* [Your task]
Ignoring every picture, return the lines of the listing below word for word, from the line that holds "6. MINI Mechanizm" through the line that holds "交换生(15会计3班王宠)在朝鲜大学留念".

* [Data shown]
BEGIN

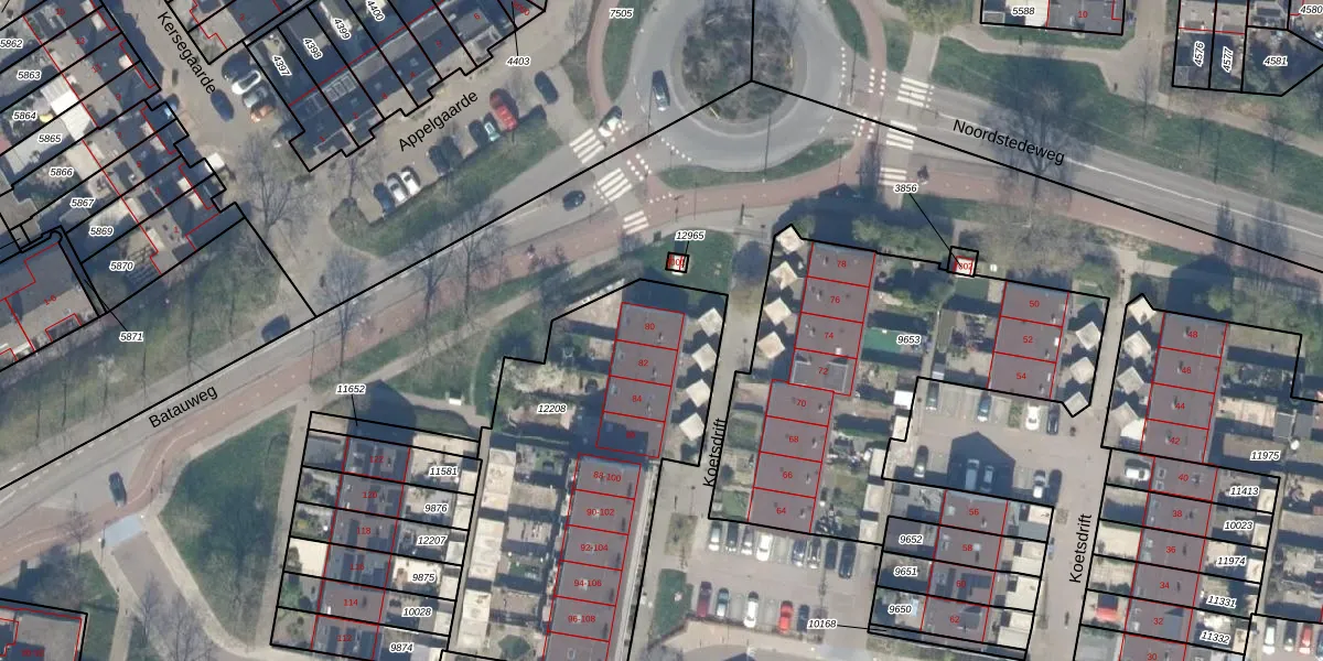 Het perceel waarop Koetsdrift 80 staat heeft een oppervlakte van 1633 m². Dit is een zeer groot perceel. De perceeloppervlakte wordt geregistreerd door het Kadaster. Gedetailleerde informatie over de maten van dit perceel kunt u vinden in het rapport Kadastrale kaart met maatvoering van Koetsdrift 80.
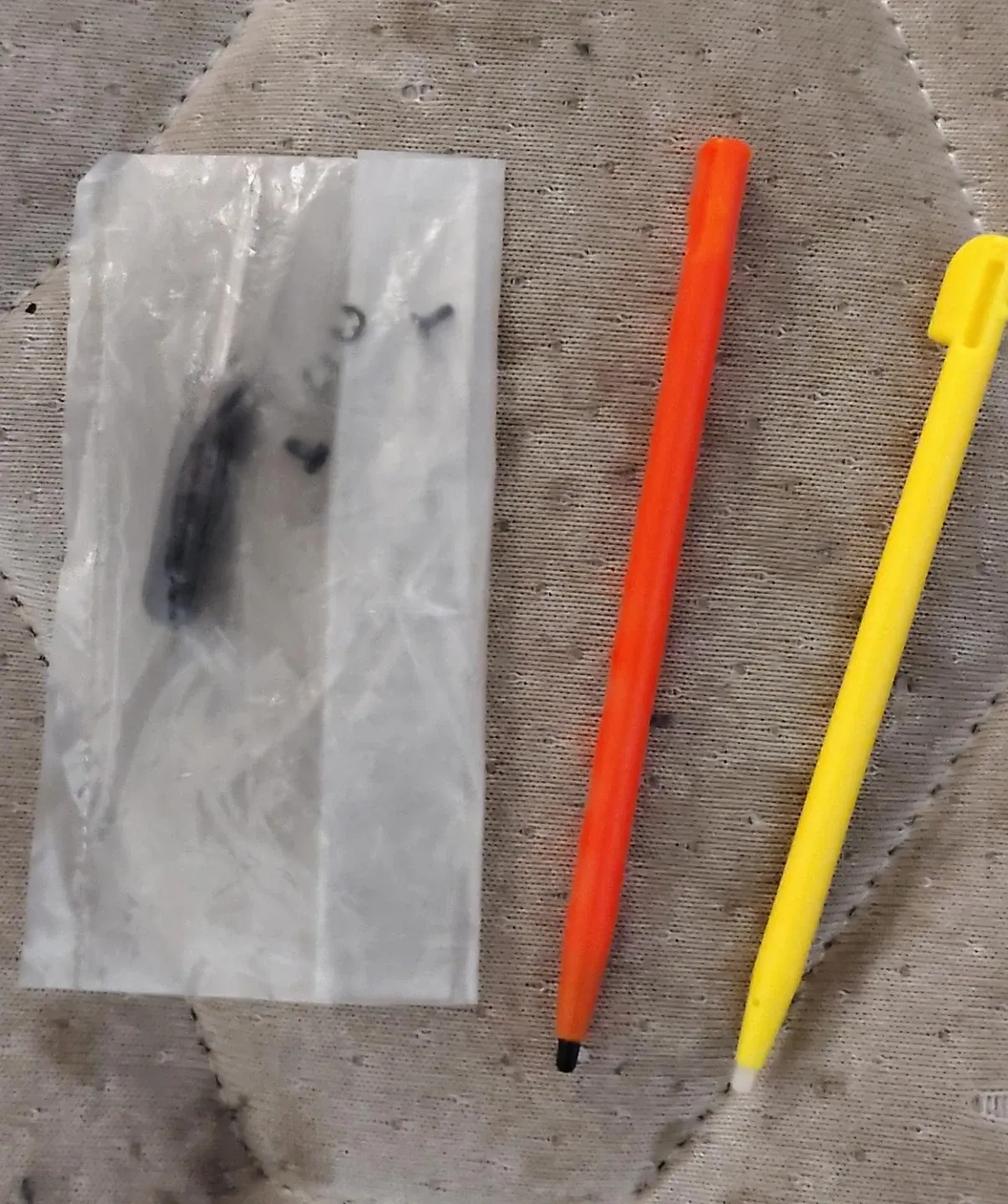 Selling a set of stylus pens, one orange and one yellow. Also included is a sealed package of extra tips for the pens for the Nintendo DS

END
BEGIN

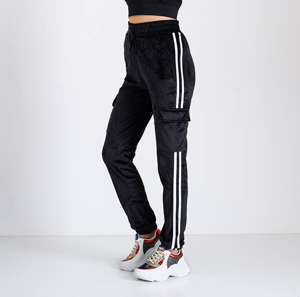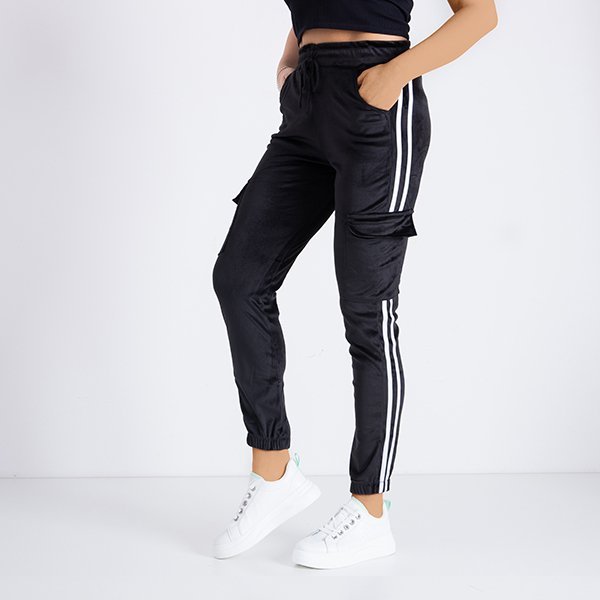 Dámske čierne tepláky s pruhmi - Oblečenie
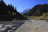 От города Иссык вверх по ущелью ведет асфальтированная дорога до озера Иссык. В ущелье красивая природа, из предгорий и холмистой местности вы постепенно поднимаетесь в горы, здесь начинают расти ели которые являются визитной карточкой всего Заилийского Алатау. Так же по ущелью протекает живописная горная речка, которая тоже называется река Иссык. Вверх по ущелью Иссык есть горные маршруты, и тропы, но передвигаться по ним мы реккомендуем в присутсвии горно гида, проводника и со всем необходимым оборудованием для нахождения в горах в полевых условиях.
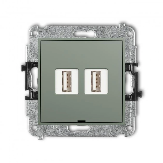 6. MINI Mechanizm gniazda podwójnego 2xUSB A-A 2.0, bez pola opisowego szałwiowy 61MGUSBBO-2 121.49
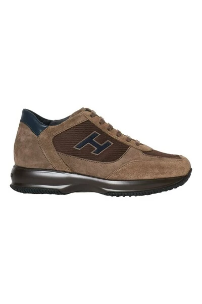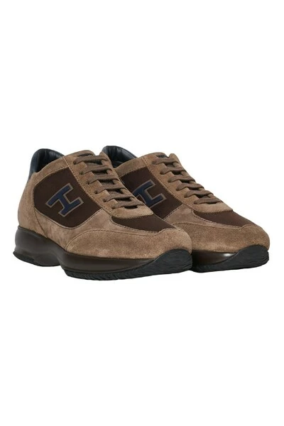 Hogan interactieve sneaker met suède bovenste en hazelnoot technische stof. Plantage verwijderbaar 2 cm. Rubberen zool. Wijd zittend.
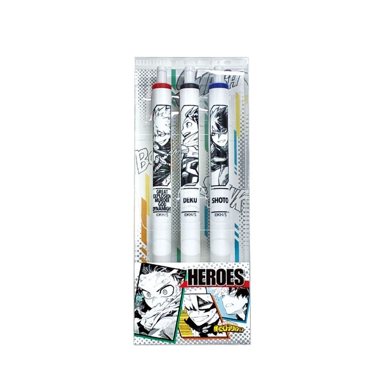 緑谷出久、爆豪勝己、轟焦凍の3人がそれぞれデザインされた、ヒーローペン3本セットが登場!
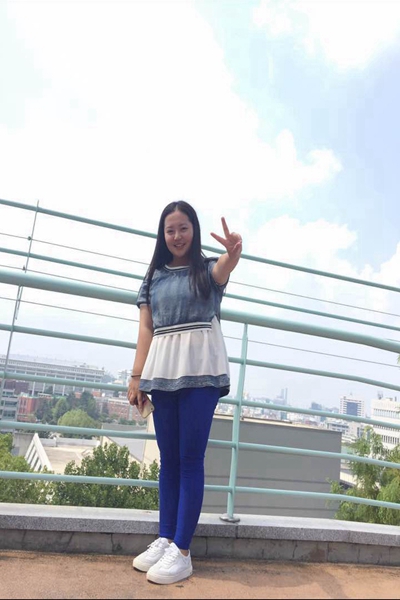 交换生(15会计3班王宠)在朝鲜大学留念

END

* [Exercise result]
 6. MINI Mechanizm gniazda podwójnego 2xUSB A-A 2.0, bez pola opisowego szałwiowy 61MGUSBBO-2 121.49
 Hogan interactieve sneaker met suède bovenste en hazelnoot technische stof. Plantage verwijderbaar 2 cm. Rubberen zool. Wijd zittend.
 緑谷出久、爆豪勝己、轟焦凍の3人がそれぞれデザインされた、ヒーローペン3本セットが登場!
 交换生(15会计3班王宠)在朝鲜大学留念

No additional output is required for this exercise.